### What to do:
Print all records exactly, pictures left out.

[Records from a data source]
__________

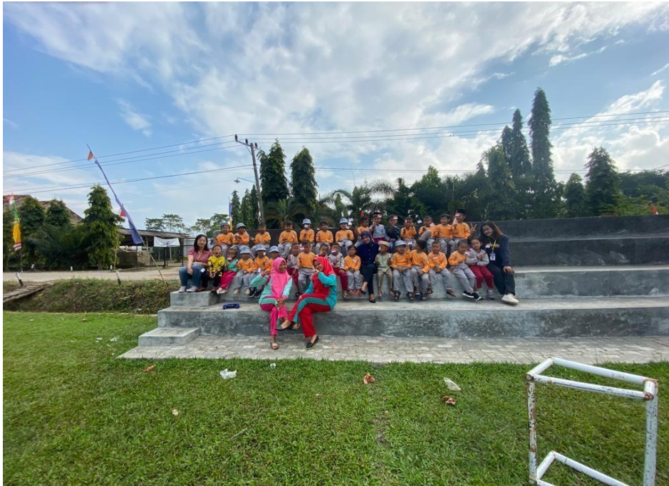
Membantu Pembelajaran di paud Al-Fatih
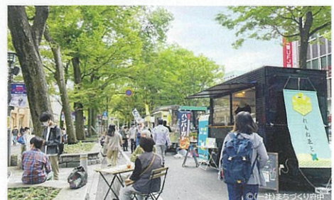
府中駅から大國魂神社につながる「馬場大門けやしき並木」では府中ストリートテラスが開催され、賑わいが生まれています。
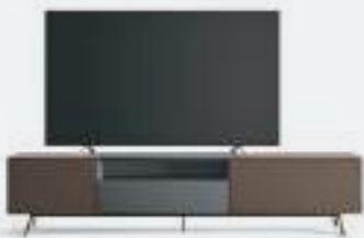
Domino Più p 10
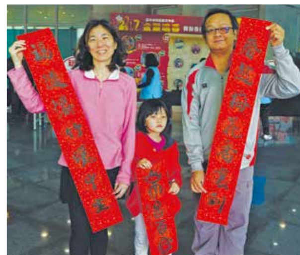
太棒了！一家大小都拿到各自想要的春聯。

前來領取春聯的民眾皆表示很開心能夠參與活動，透過領取書法大家的春聯，期許迎來更美好與福氣的新年，葫蘆墩文化中心則希望新春揮毫活動能夠讓大家樂迎金雞年、吉祥如意福氣來。
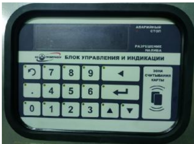
Рисунок 7 – Внешний вид блока управления и индикации БУИ
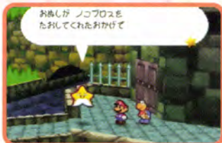
↑「星のせい」を助け出したマリオ。あと6人を救出するのだ

ノコブスを倒すとステージクリア!!。捕らわれたいた「星のせい」を救出することができるぞ。この「星のせい」を救出すると、バトルでも役に立つ力を授けてもらえるんだ。残る「星のせい」はあと6人だ。長い道のりだけど、がんばっていこう。
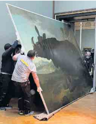
Das Gemälde von Nashorn Clara hängt üblicherweise im Staatlichen Museum Schwerin. Da das Haus wegen Renovierungsarbeiten für drei Jahre geschlossen ist, ging Clara mit großem Aufwand auf Reisen - unter anderem ins berühmte Rijksmuseum nach Amsterdam.
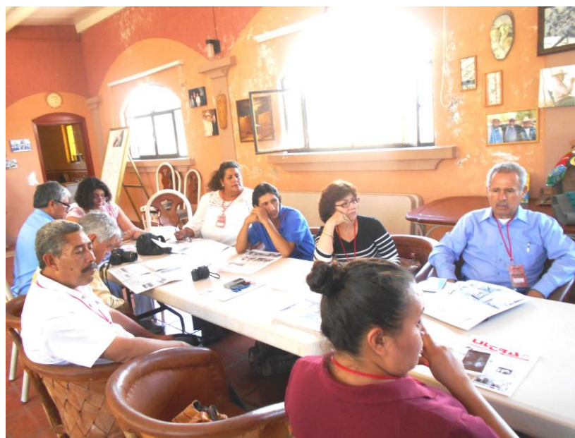
Asociados en Asamblea AMIPAC-APREFOJAC. Junio 4 de 2016.
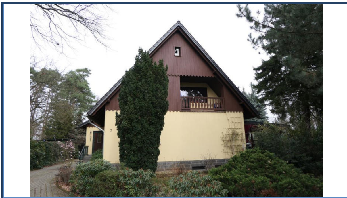
Abbildung 1: Straßenansicht (Süd-Ansicht); links der Einfahrtsbereich; Außenanlagen
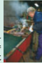
中小企業向け 予算の増額で 大阪経済の活性化
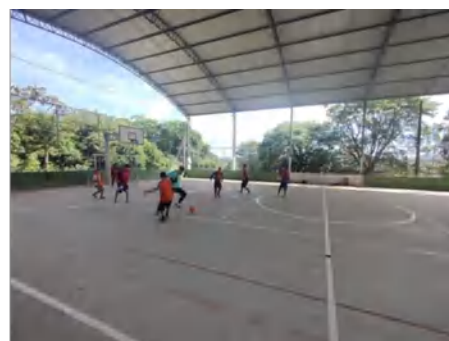
Grupo: Futsal – Quadra E.E. Constantino - Boa Vista
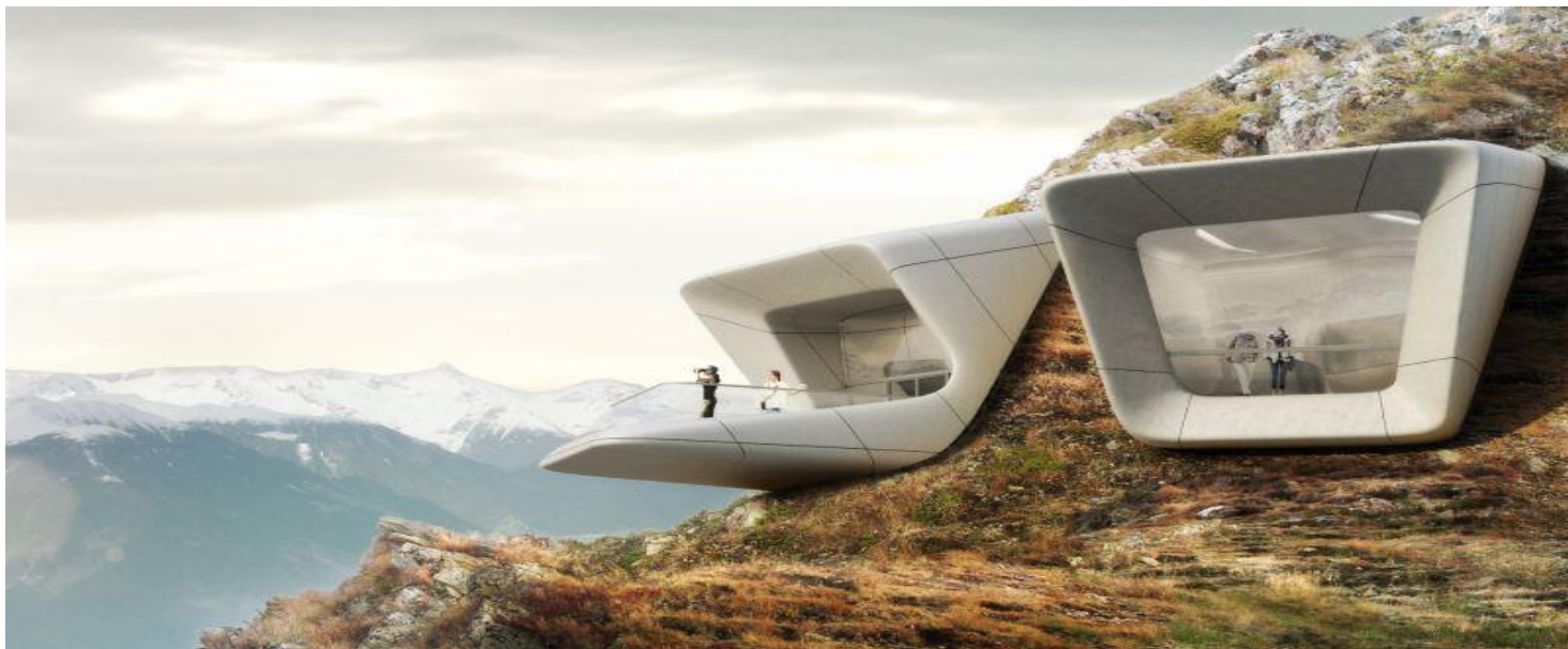
MMM CORONES; Dolomite viewing at 2,275 m.
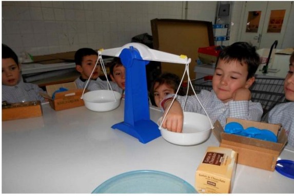
5. Pesamos el azúcar y la sal

__________

### Output for this task:
Membantu Pembelajaran di paud Al-Fatih
府中駅から大國魂神社につながる「馬場大門けやしき並木」では府中ストリートテラスが開催され、賑わいが生まれています。
Domino Più p 10
太棒了！一家大小都拿到各自想要的春聯。

前來領取春聯的民眾皆表示很開心能夠參與活動，透過領取書法大家的春聯，期許迎來更美好與福氣的新年，葫蘆墩文化中心則希望新春揮毫活動能夠讓大家樂迎金雞年、吉祥如意福氣來。
Рисунок 7 – Внешний вид блока управления и индикации БУИ
↑「星のせい」を助け出したマリオ。あと6人を救出するのだ

ノコブスを倒すとステージクリア!!。捕らわれたいた「星のせい」を救出することができるぞ。この「星のせい」を救出すると、バトルでも役に立つ力を授けてもらえるんだ。残る「星のせい」はあと6人だ。長い道のりだけど、がんばっていこう。
Das Gemälde von Nashorn Clara hängt üblicherweise im Staatlichen Museum Schwerin. Da das Haus wegen Renovierungsarbeiten für drei Jahre geschlossen ist, ging Clara mit großem Aufwand auf Reisen - unter anderem ins berühmte Rijksmuseum nach Amsterdam.
Asociados en Asamblea AMIPAC-APREFOJAC. Junio 4 de 2016.
Abbildung 1: Straßenansicht (Süd-Ansicht); links der Einfahrtsbereich; Außenanlagen
中小企業向け 予算の増額で 大阪経済の活性化
Grupo: Futsal – Quadra E.E. Constantino - Boa Vista
MMM CORONES; Dolomite viewing at 2,275 m.
5. Pesamos el azúcar y la sal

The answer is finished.